As composition classes grow larger and more diverse, writing instructors face new challenges. This presentation outlines the challenges of using peer-review in large, diverse classes. It summarizes various problems traditionally associated with peer-review (such as time consumption, skill differences, learning style differences), then focuses on two problems that are magnified in larger, more diverse classes: variant language skills and negative preconceptions of students. Taking into account the perspectives of five writing instructors and 150 students at the University of Toronto, this article offers three practical strategies for addressing these problems: 1) a carefully considered distribution of credits based on content, coherence, and clarity; 2) a rigorously organized process for peer-review; 3) clearly articulated expectations for peer comments.

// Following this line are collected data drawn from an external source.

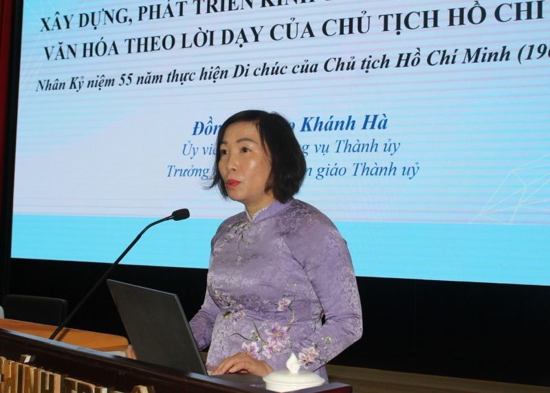 chí Đào Khánh Hà, Trưởng Ban Tuyên giáo Thành ủy phát biểu đề dẫn hội thảo.
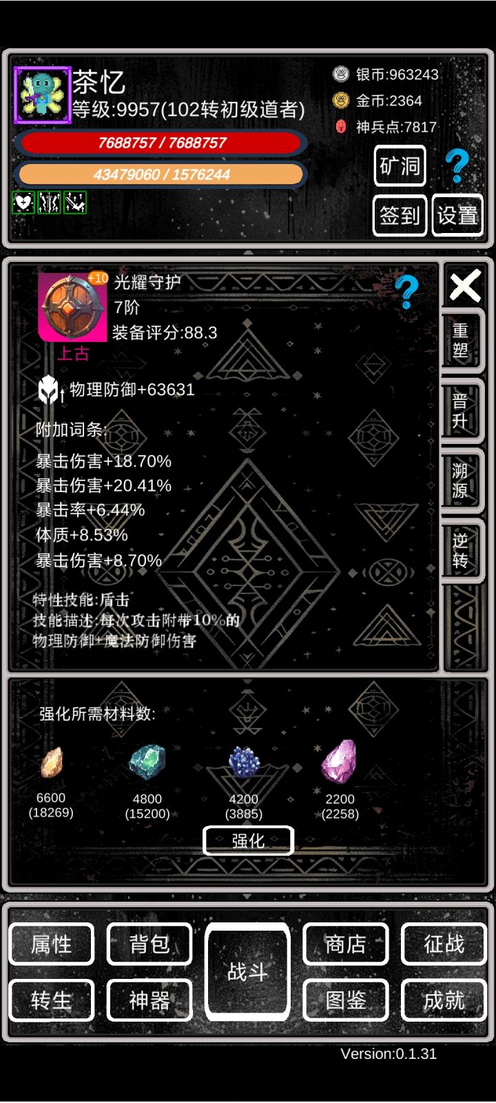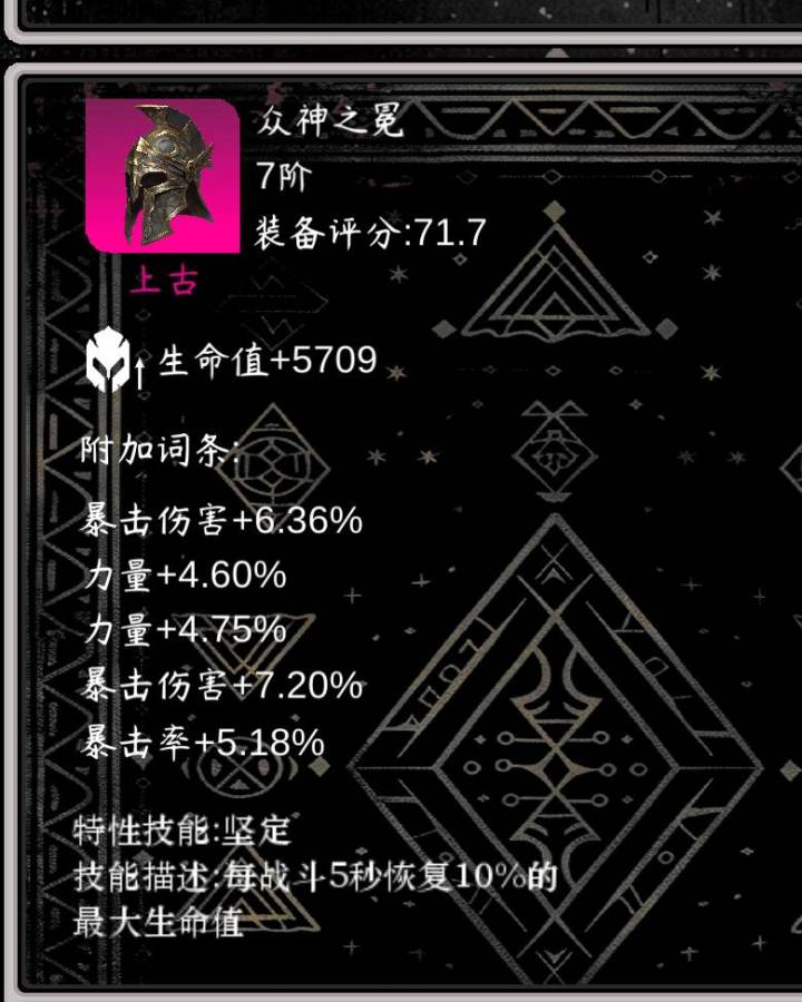 如果还有新的特性,看到的人帮忙截图发在下面做装备优先级顺序: 盾牌>武器>头盔 爬塔副本套:冰盾+倒刺刀+狂战头 经验材料套:荆棘盾+剔骨刀 (这个版本饰品和戒指优先级最低最后制作)经验天穹天赋选择:征服者>猝火>穿孔>猝毒 但点了这些天赋爬塔副本会慢一点,但转生可以更快,长远来看也许是更优选择,已经爬到60层塔的玩家可以稳定拿到晋升石这个时候可以尝试选择这套天赋。盾牌特性:1
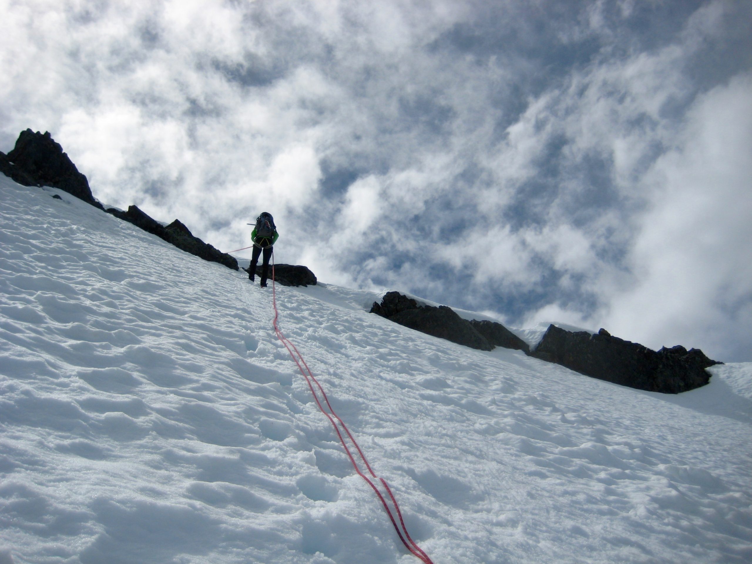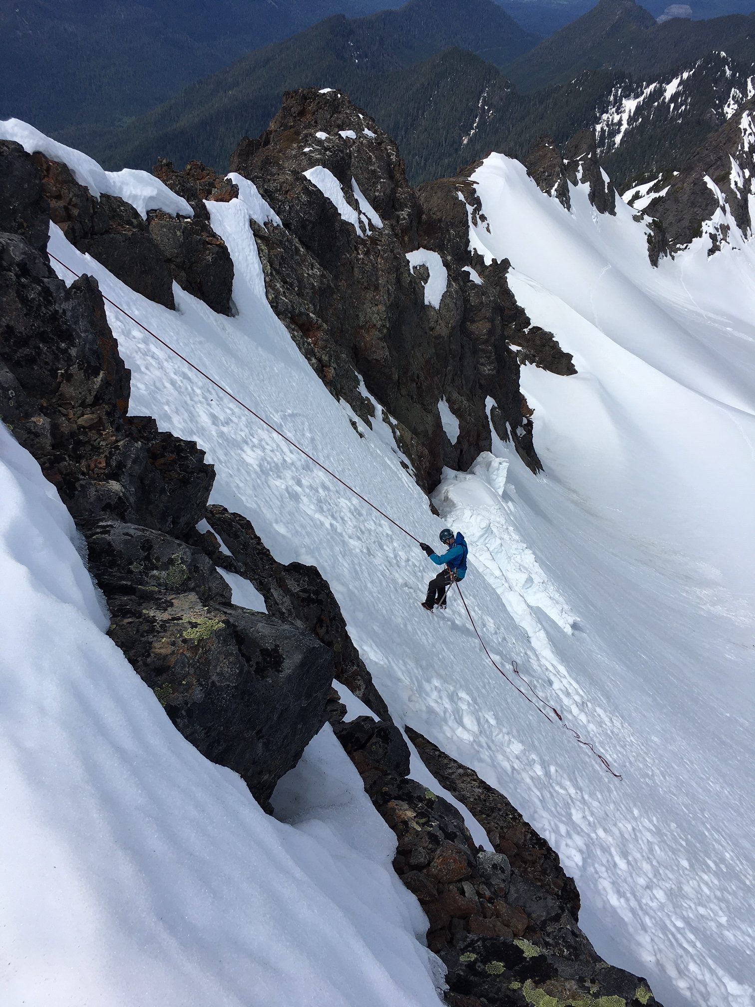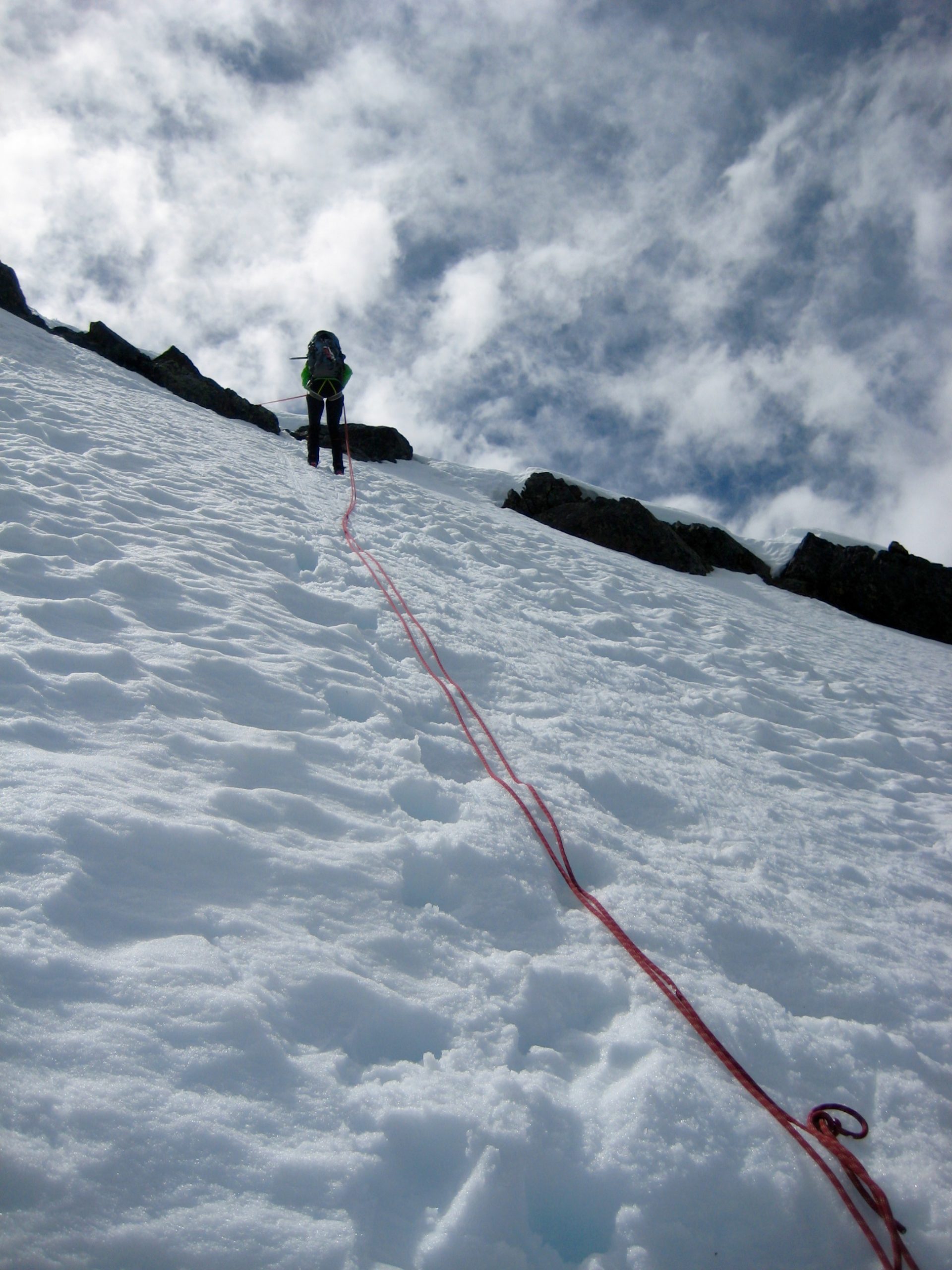 Our descent involved one rappel off the summit ridge, using a rock anchor.  This got us just past the steepest and most exposed portion of snowfinger, such that we could readily boot down the remainder.
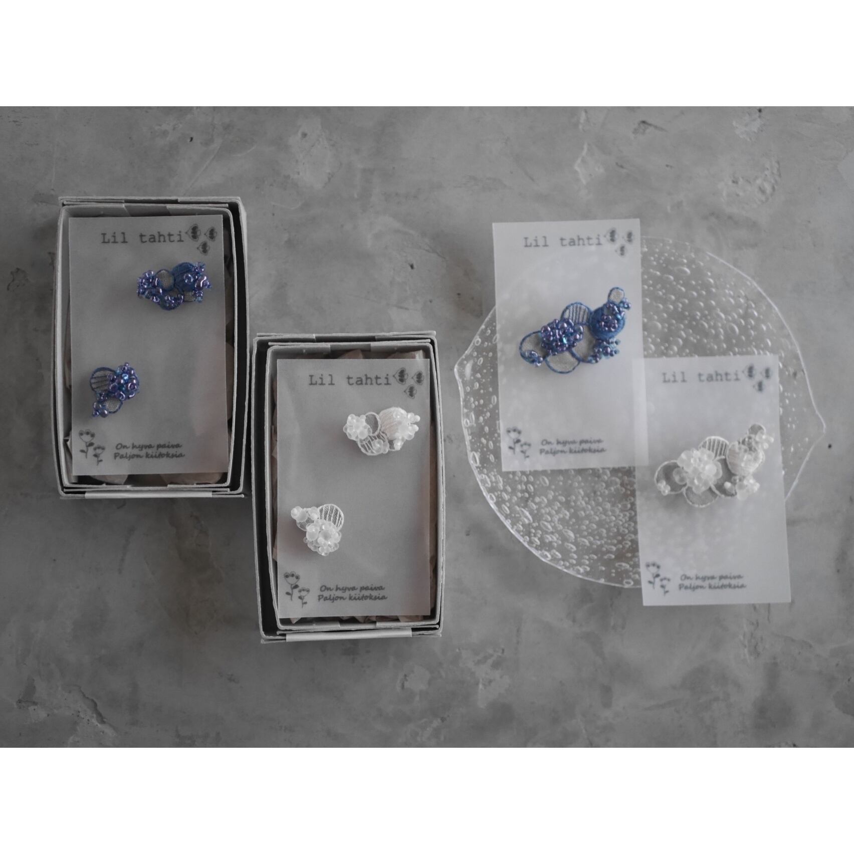 夏の暑い季節に涼やかなアクセサリーをと思いできた作品です。
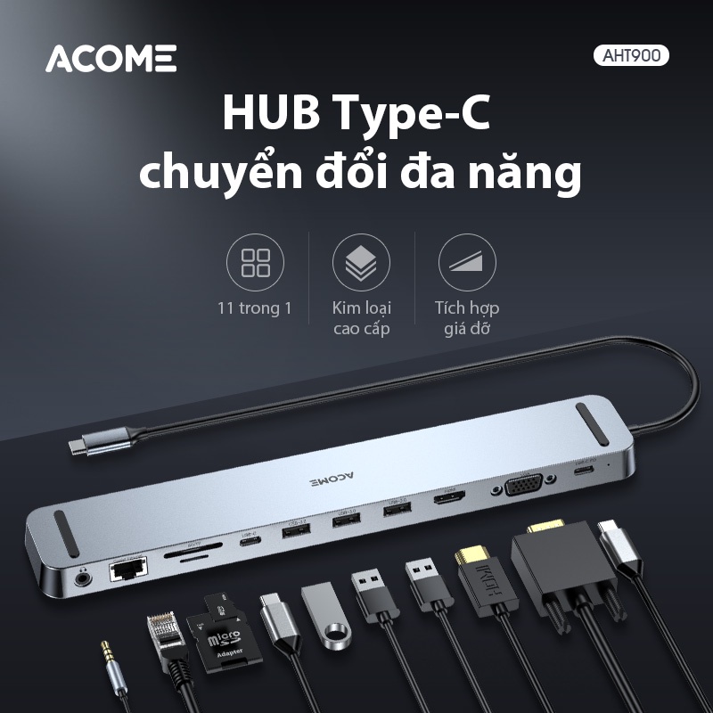 Máy tính & Laptop > Phụ Kiện Máy Tính > Bộ chia cổng USB & Đọc thẻ nhớ || USB HUB Chuyển Đổi Type-C Acome AHT900 11 in 1 Cổng USB 3.0, SD/Micro Dành Cho LaptopCòn hàng
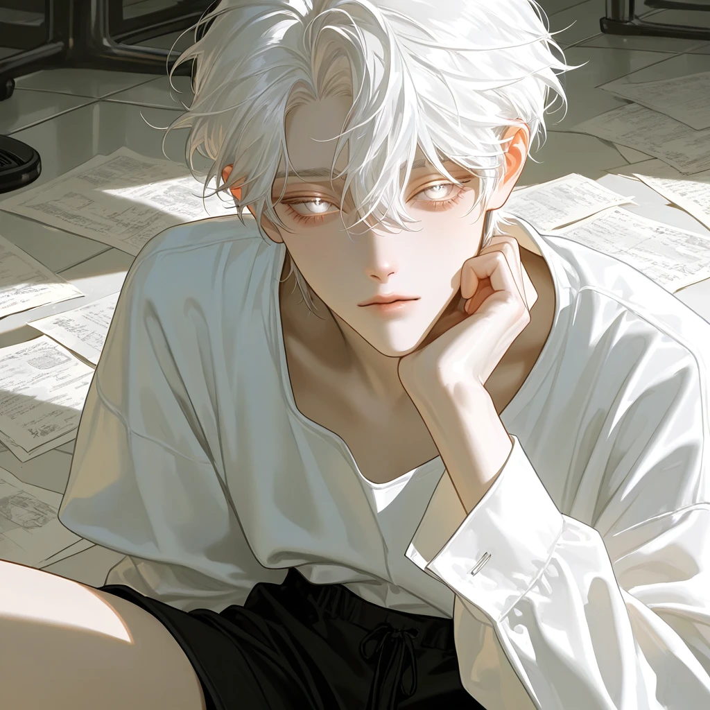 흰빛이 가득한 연구실. 벽과 천장은 차갑게 빛나고, 바닥에는 종이와 장치가 흩어져 있었다.
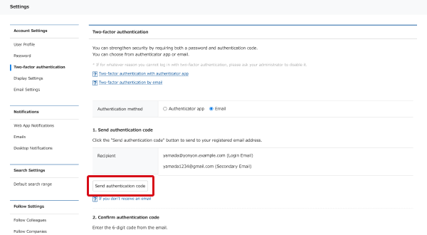 When you click the "Send authentication code" button, an authentication code will be sent by email. The email will be sent to your login email and, if set up, your secondary email.
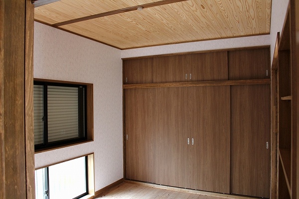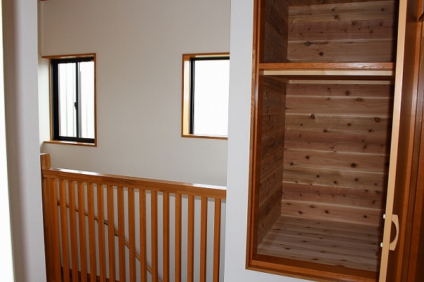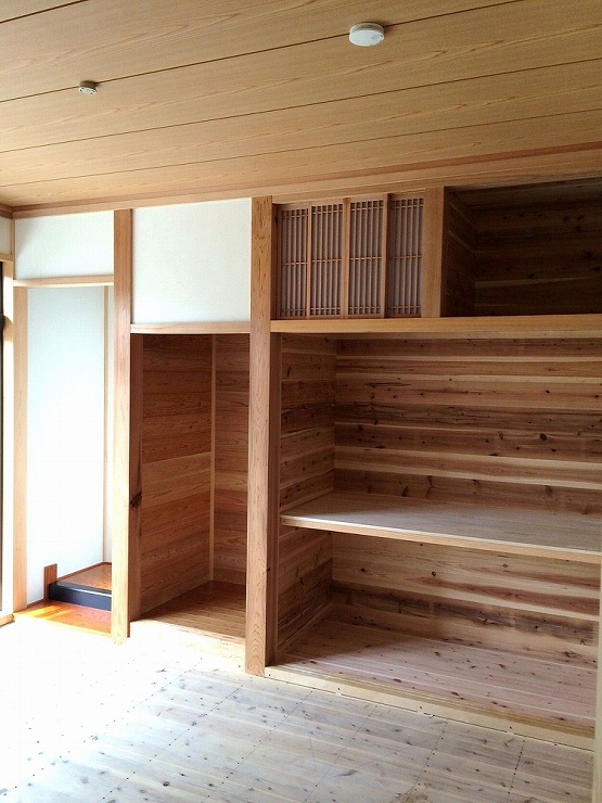 押し入れや収納の中は、杉板を張って湿気がこもるのを防いでいます。
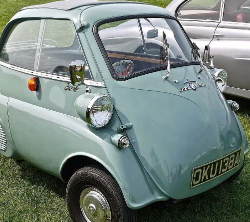 BMW создал этот автомобиль, похожий на клопа, в 1955 году. Isetta – самая странная машина немецкой компании. Вся ее передняя часть – это дверь, на которой установлена приборная панель. В случае аварии с авто можно вылезти через полотняный крышу.
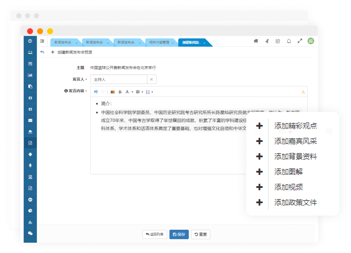 新闻发布会系统专为网站群平台设计,旨在提供一个互动交流的新闻发布会栏目。
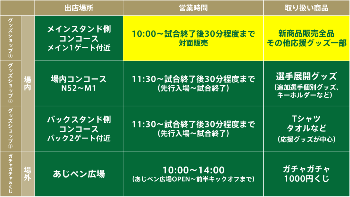 ※試合当日、各コーナーは混雑が予想されます。譲り合ってのご利用にご協力ください。
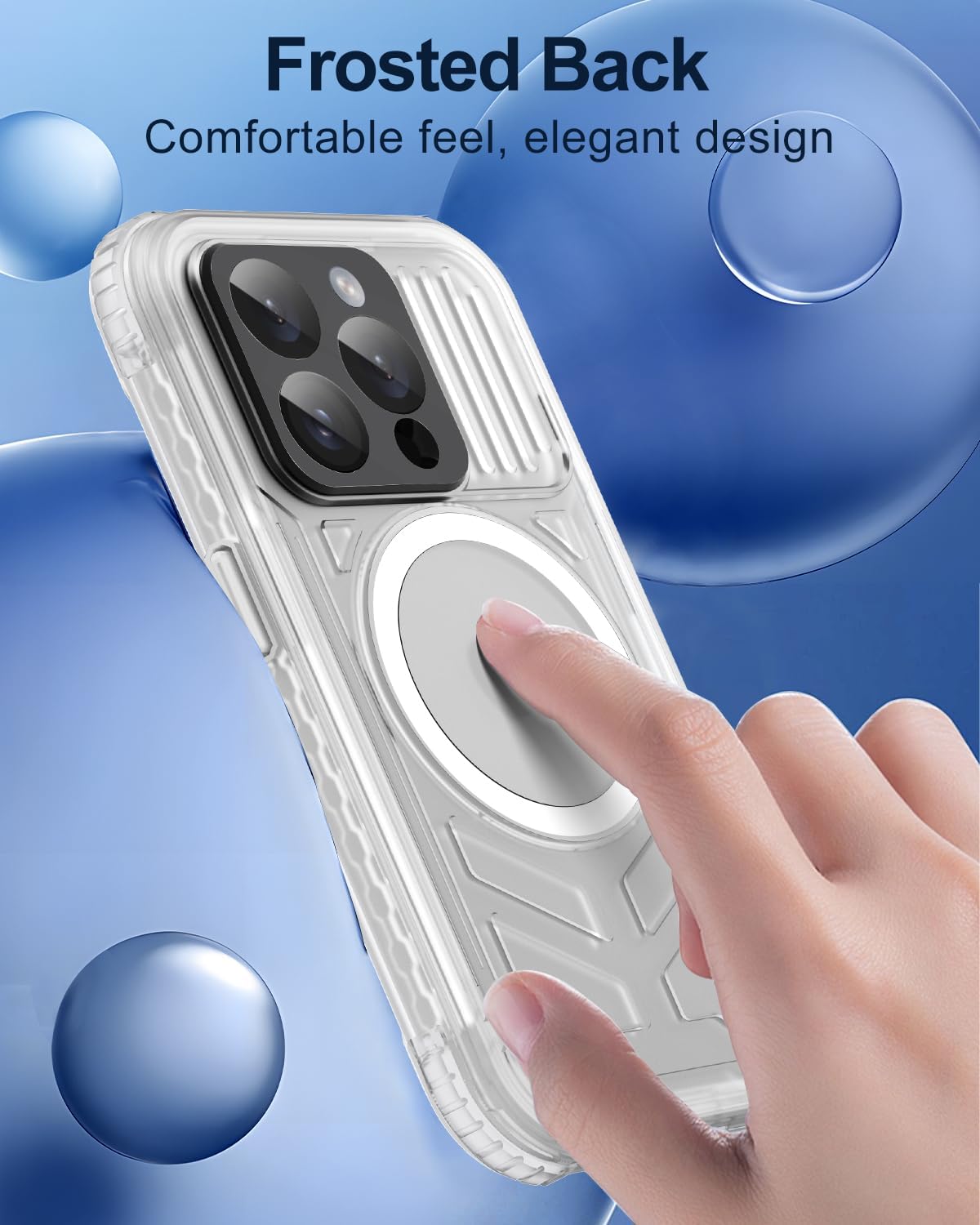 Frosted Grip & Style: Haireca's case for iPhone 15 Pro, crafted from premium German TPU and PC, offers a sleek, fingerprint-resistant frosted finish for a comfortable, secure hold
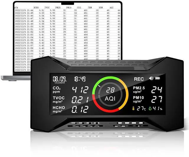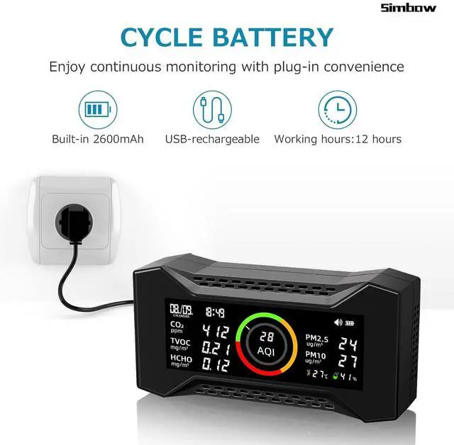 - Breathe Smarter: Simbow Air-Guardian AQPro air pollution detector is fast-responding and sensitive with a nondispersive infrared sensor (NDIR) and advanced particle sensor that monitors AQI PM 2.5, PM10, tVOCS, HCHO, CO2, humidity, temperature and time.
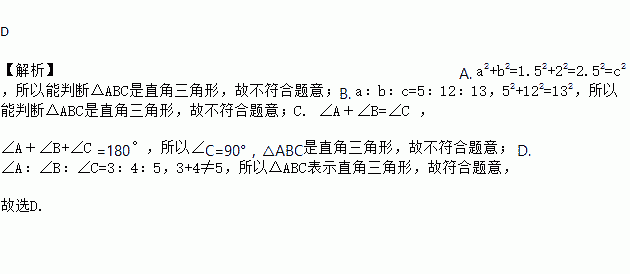 D ¡¾½âÎö¡¿A. a2+b2=1.52+22=2.52=c2£¬ËùÒÔÄÜÅжϡ÷ABCÊÇÖ±½ÇÈý½ÇÐΣ¬¹Ê²»·ûºÏÌâÒ⣻B. a£ºb£ºc=5£º12£º13£¬52+122=132£¬ËùÒÔÄÜÅжϡ÷ABCÊÇÖ±½ÇÈý½ÇÐΣ¬¹Ê²»·ûºÏÌâÒ⣻C. ¡ÏA£«¡ÏB=¡ÏC £¬ ¡ÏA£«¡ÏB+¡ÏC =180¡ã£¬ËùÒÔ¡ÏC=90¡ã£¬¡÷ABCÊÇÖ±½ÇÈý½ÇÐΣ¬¹Ê²»·ûºÏÌâÒ⣻ D. ¡ÏA£º¡ÏB£º¡ÏC=3£º4£º5£¬3+4¡Ù5£¬ËùÒÔ¡÷ABC±íʾ...
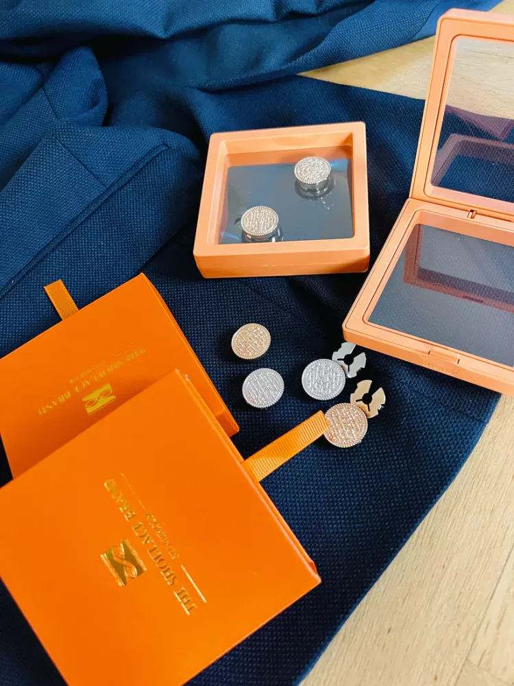 Ett par knappöverdrag, en accessoar till skjortan för män med stil. Knäpps enkelt på den vanliga knappen.

Sample evaluation criteria sheets and peer-review guidelines are included at the end of the article. By approaching these problems practically, writing instructors can, this article shows, enable both students who use English as an additional language (EAL students) and students who speak English as their primary language to improve their writing. A practical approach can also increase students’ appreciation of one another’s diverse strengths. Instructors across the Humanities can adapt these guidelines to help their own students write more effective essays.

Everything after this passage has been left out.